Subject RE: [firebird-support] Re: detect duplicate blobs, how to?
Author Richard Damon

Yes, it is a matter of scale, but it is also a matter of what you promise. If you are going to promise 100% reliable detection of duplicates, just using a hash (no matter how good) is a bug, because it ISN’T 100% reliable. It might be “Reliable Enough”, but don’t say it is 100%.

 

Please also review your math, as your argument actually proved its flaw. The number 2.71 x 10^18 ISN’T a chance of collision, or even a chance of any kind. It is the number of UUIDs (of 128 bits) that would need to be generated to have a 50% chance of collision.

 

I would actually argue that the idea of using a very high quality hash, like SHA256 is taking the problem in the wrong direction. It is a somewhat expensive value to compute, and being 256 bits long (32 bytes) somewhat big to add, and index, for every file. I would be much more inclined to use a simple hash (like CRC) that gives maybe a 32 bit result, lookup the files that match (somewhat likely to have one) and do the bit by bit compare to see if it is a duplicate. That is probably faster than your method of computing the SHA256 and (possibly even if unlikely, incorrectly) assuming they are unique, the time saved in using a simpler hash, and quicker index, likely makes up for the time needed to compare the two files.

 

From: firebird-support@yahoogroups.com [mailto:firebird-support@yahoogroups.com]
Sent: Thursday, February 9, 2017 6:40 PM
To: firebird-support@yahoogroups.com
Subject: RE: [firebird-support] Re: detect duplicate blobs, how to?

 

 

Richard,

> Sean
> Even SHA256 can’t eliminate all possibility of a duplicate. If you have files of
> more than 256 bits in them, by the pigeon hole principle, there WILL be
> duplicates within the universe of all possible files. There HAS to be. The
> probability is very low (but not zero) if you keep you set of files below 2^128
> members, but it is NOT 0.

I agree that there is a possibility, but it is all about understanding scale.

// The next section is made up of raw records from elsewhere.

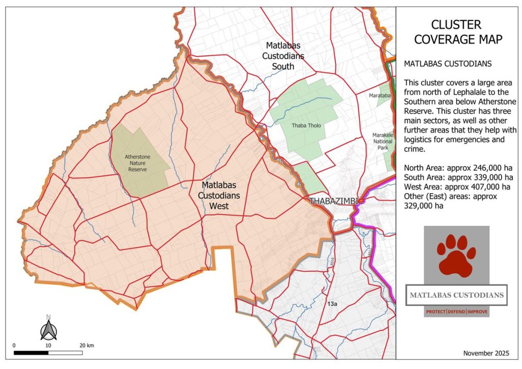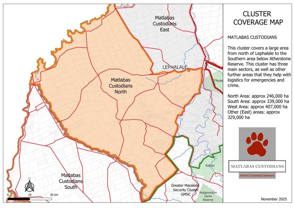 The Matlabas Custodians are a non-profit company rooted in the Western Waterberg, dedicated to protecting its wildlife, landscapes, and communities. More than conservationists, they see themselves as stewards of a legacy—guardians of the land where rhinos roam and communities thrive. Their work is driven by connection, collaboration, and sustainability, uniting landowners, residents, and partners to create a safer, more resilient region. Together, these efforts ensure that both people and nature can flourish in harmony across the Western Bushveld.
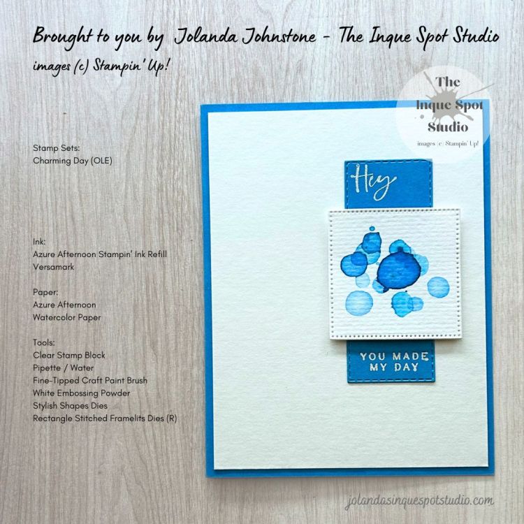 - The sentiments, Hey and You Made My Day, from the Charming Day stamp set, an On-Line Exclusive product that will be available on July 1st, was stamped with Versamark ink and heat-set with White Embossing Powder.
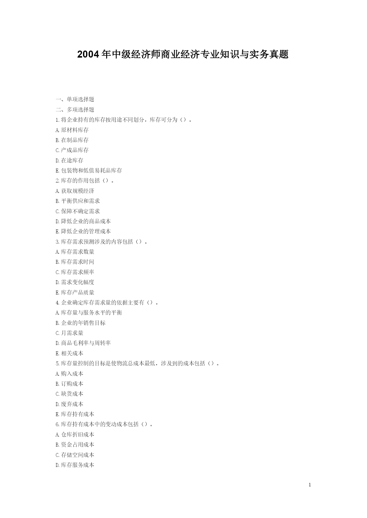 PAGEPAGE32004年中级经济师商业经济专业知识与实务真题一、单项选择题二、多项选择题1.将企业持有的库存按用途不同划分,库存可分为()。A.原材料库存B.在制品库存C.产成品库存D.在途库存E.包装物和低值易耗品库存2.库存的作用包括()。A.获取规模经济B.平衡供应和需求C.保障不确定需求D.降低企业的商品成本E.降低企业的管理成本3.库存需求预测涉及的内容包括()。A.库存需求数量B.库存需求时间C.库存需求频率D.需求变化幅度E.库存产品质量4.企业确定库存需求量的依据主要有()

Consider, 2^128 is the same number space that is used to represent UUID and GUID values, and the changes of a collision is 2.71 x 10^18 (https://en.wikipedia.org/wiki/Universally_unique_identifier )

Consider, the number of words ever spoken by human beings = 5 Exabytes (< 2^63) (http://highscalability.com/blog/2012/9/11/how-big-is-a-petabyte-exabyte-zettabyte-or-a-yottabyte.html), so what are the chances that more than 2^128 files have been created?

Consider, the probability that a rogue asteroid crashes on Earth *within the next second*, obliterating civilization-as-we-know-it is about 10^-15. Which is 45 **orders of magnitude** more probable than the SHA-256 collision. (http://stackoverflow.com/questions/4014090/is-it-safe-to-ignore-the-possibility-of-sha-collisions-in-practice)

IMO, the changes of a collision are for all practical purposes 0.

But if you still think there is a chance, then use SHA512.


Sean

___